• **EXERCISE INSTRUCTIONS**:
Starting at the line that contains "Солнце в этнических", write out every line to the end of the records below exactly, and leave out the pictures.

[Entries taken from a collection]
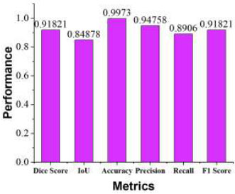 This approach achieved 99.71% segmentation accuracy and a Dice coefficient of 91.85%.
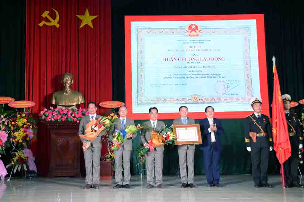 Ha Quoc Tri, autorizado por el presidente de Vietnam, otorga la Orden de Trabajo de Primera Clase a los soldados y al pueblo del distrito de Truong Sa. (Foto: baokhanhhoa.vn)
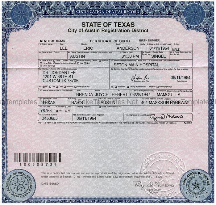 Texas Birth Certificate Template (photoshop) is best for verify Instant file download after buying.
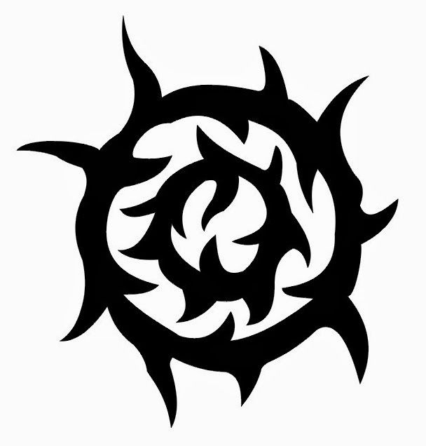 Солнце в этнических татуировках является частью масштабного сюжета. В большинстве случаев оно дополняется орнаментальным узором с определенной символикой. Наносится в черном цвете.
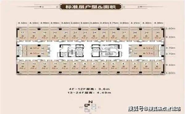 3号楼创客空间4-12楼层高3.6米13-24楼层高4.49米挑高;建面40-53㎡;总价53-90万单价在1.4-1.7左右

• **WRITTEN SOLUTION**:
 Солнце в этнических татуировках является частью масштабного сюжета. В большинстве случаев оно дополняется орнаментальным узором с определенной символикой. Наносится в черном цвете.
 3号楼创客空间4-12楼层高3.6米13-24楼层高4.49米挑高;建面40-53㎡;总价53-90万单价在1.4-1.7左右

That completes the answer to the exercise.